In LvOPO and LvOPI, the reduced bone mineral density (BMD) is usually accompanied by increase of marrow fat deposition in the lumbar vertebrae. Therefore, evaluation of lumbar vertebral fat fraction (LvFF) plays a role in better understanding LvOPO and LvOPI conceptually. It has been recently shown that patients with LvOPO have higher LvFF than those with LvOPI and healthy participants [6]. Patients with LvOPO are also older than those in the control group [7]. Whether the LvFF serves as an independent predictor in diagnosing LvOPO is clinically important. However, it has not yet been investigated until 2016 when Zhang et al. diagnosed LvOPO by the LvFF with a criterion of 0.674, achieving an area under curve (AUC), sensitivity, and specificity of 0.740, 79.2%, and 72.4%, respectively [7].

In clinical decision rules, age, body weight, history of hormone use, fracture, rheumatoid arthritis, and lack of estrogen have been used as part of predictors [8]. Body weight (≤ 70 kg), post-menopausal years (≥ 1 years), age (> 51 years), and history of fragility fracture after age 40 have been used to predict the risk of low BMD (T-score < − 2) in women aged 40–60 years, showing higher sensitivity and AUC than the osteoporosis self-assessment tool (OST) score (≤ 1) [9]. Low body weight and BMI have been used to predict osteoporosis in women aged 40 to 59 years [10]. LvFF has been shown to be positively correlated with age and negatively correlated with BMD. Nevertheless, LvFF has not been used to construct the decision rules to the best of our knowledge.

A hybrid scoring system integrating clinical information and MRI features for diagnosing a certain disease is rapidly emerging. For example, our prior study has shown that the Warthin tumor score outperforms any independent predictors in diagnosing parotid Warthin tumors [11]. We hypothesized that hybrid scores integrating clinical and MRI features also improve the diagnosis of LvOPI and LvOPO. The aim of our study was to propose a LvOPI score (LvOPIS) and a LvOPO score (LvOPOS) to diagnose female LvOPI and LvOPO, respectively.

Materials and Methods

This prospective study was approved by the Institutional Review Board of Tri-Service General Hospital with written informed consent obtained from each participant.

Patient Cohorts

A total of 101 female patients, including 53 patients before menopause and 48 patients after menopause, were recruited. All participants received BMD measures using DeXA as well as LvFF quantification. Clinical information, including age, menopause-to-magnetic resonance imaging interval (MMI), body height, body weight, body mass index (BMI), were recorded.

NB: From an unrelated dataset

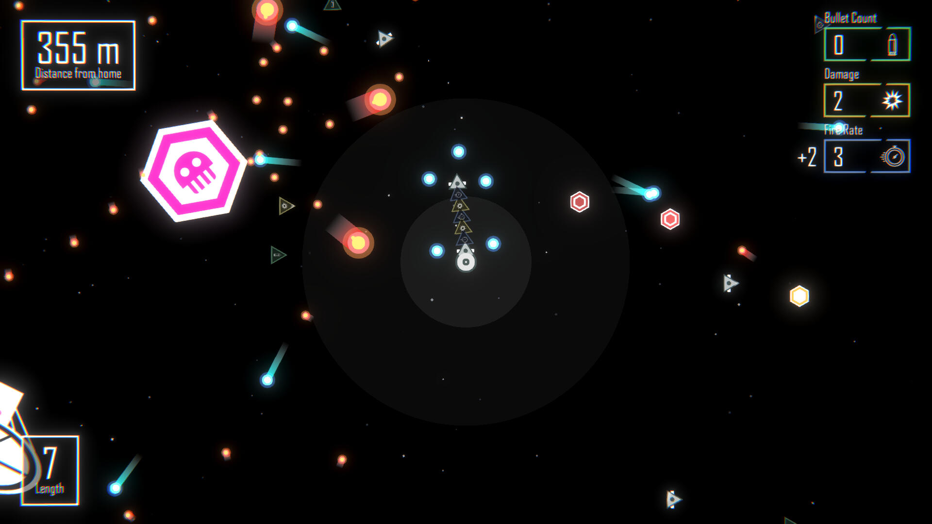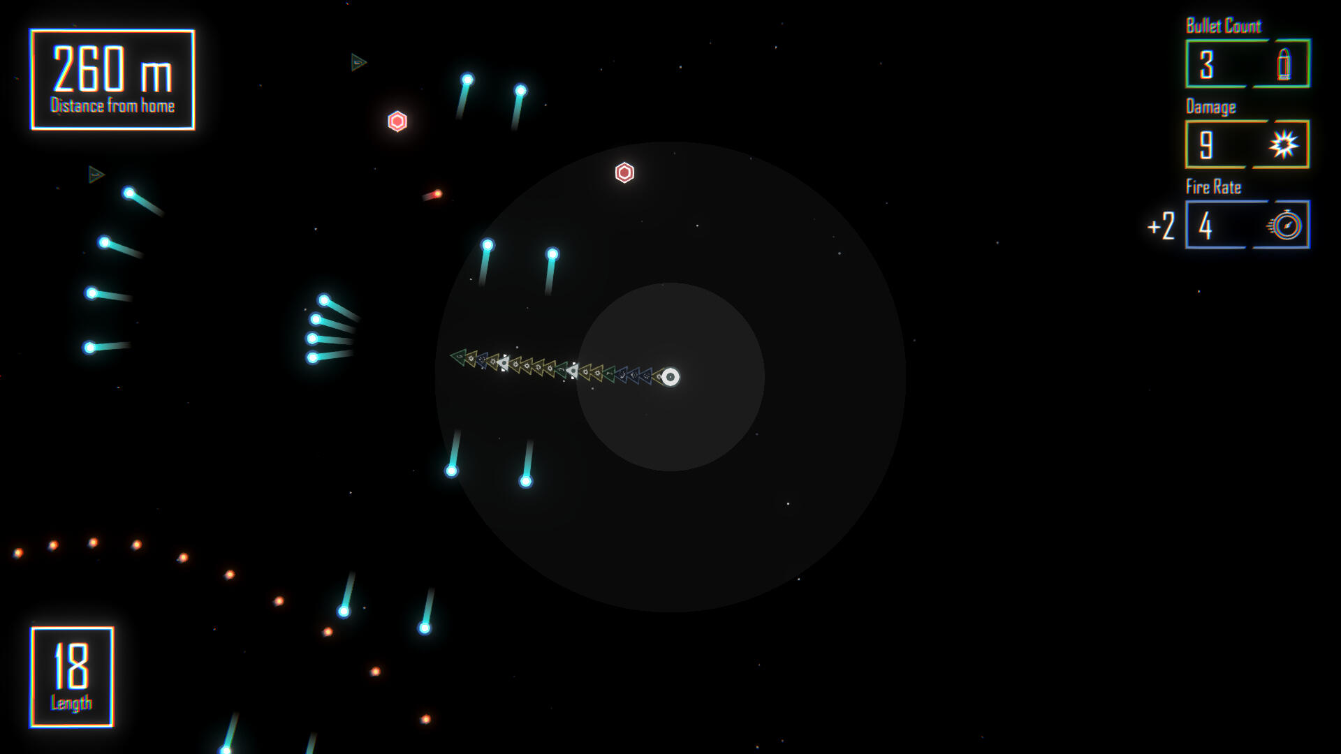 Sapce Snake (spelling intentional) is a shoot 'em up prototype developed in Unity, where the player controls a backwards-shooting ship that collects parts for enhanced firepower and an elongated body.This game was developed in a team with Ata Dogan, Ashwin Kamath and Gabriel Duarte. It began as one of many prototypes, and was polished over the course of a semester. I designed and programmed player/enemy mechanics and interactions, and was in charge of FMOD implementation and sound design.

Measurements of Bone Mineral Density Using DeXA

BMD of the lumbar spine, including L1 to L4 vertebrae, was measured by DeXA using a Hologic QDR-4500 W (S/N 47,125) model (Hologic Inc., Bedford, MA, USA). BMD data were acquired, processed, and calculated based on the International Society for Clinical Densitometry (ISCD) guidelines [12]. To represent the overall status of the BMD of each participant, the averaged BMD was calculated by the Eq. 1:

$$ BMD_{m} \, = \,\frac{1}{4}\mathop \sum \limits_{i = 1}^{4} BMD_{i} , $$
(1)

where \(BMD\) m denotes the averaged fat fraction of L1 to L4 vertebral bodies, \(BMD\) i denotes the fat fraction of the ith lumbar vertebral body with i ranging from 1 to 4.

MRI Protocols

MRI study was performed using a 1.5 T clinical scanner (Signa HDxt, GE Healthcare, Milwaukee, WI). LvFF was measured by quantitative MRI using the iterative decomposition of water and fat with echo asymmetry and least-squares estimation (IDEAL) method on sagittal T2-weighted image with imaging parameters including repetition time/echo time (3000 ms/115.1 ms), receiver bandwidth (63.86 kHz), echo train length (20), field of view (240 × 240 mm), slice thickness (10 mm), matrix size (320 × 192), number of excitations (3), and flip angle (90 degrees). A total of 3 slices covered the lumbar spine from the T12 vertebra to the sacrum.

MRI Data Analysis

MRI imaging processing and data analysis were performed with in-house developed software by using MATLAB (MathWorks, Natick, MA). A rectangular region of interest (ROI) contouring the vertebral body without contamination of the cortical bone or subcortical marrow degeneration was drawn semiautomatically on each of three sagittal slices from L1 to L4, respectively. To eliminate potential sampling bias for the intravertebral heterogeneity of signal intensity encountered especially in the postmenopausal women [13], the signal intensity of each vertebral body was averaged. The LvFF was calculated by the Eq. 2:

$$ LvFF_{s} \, = \,\frac{{SI_{s,f} }}{{SI_{s,f} \, + \,SI_{s,w} }}, $$
(2)

where LvFFs denotes the LvFF of the sth lumbar vertebral body, SIs,f denotes the signal intensity of fat-only image in the sth lumbar vertebral body, and SIs,w denotes the signal intensity of water-only image in the sth lumbar vertebral body. To represent the overall status of the LvFF of each participant, the averaged LvFF was calculated.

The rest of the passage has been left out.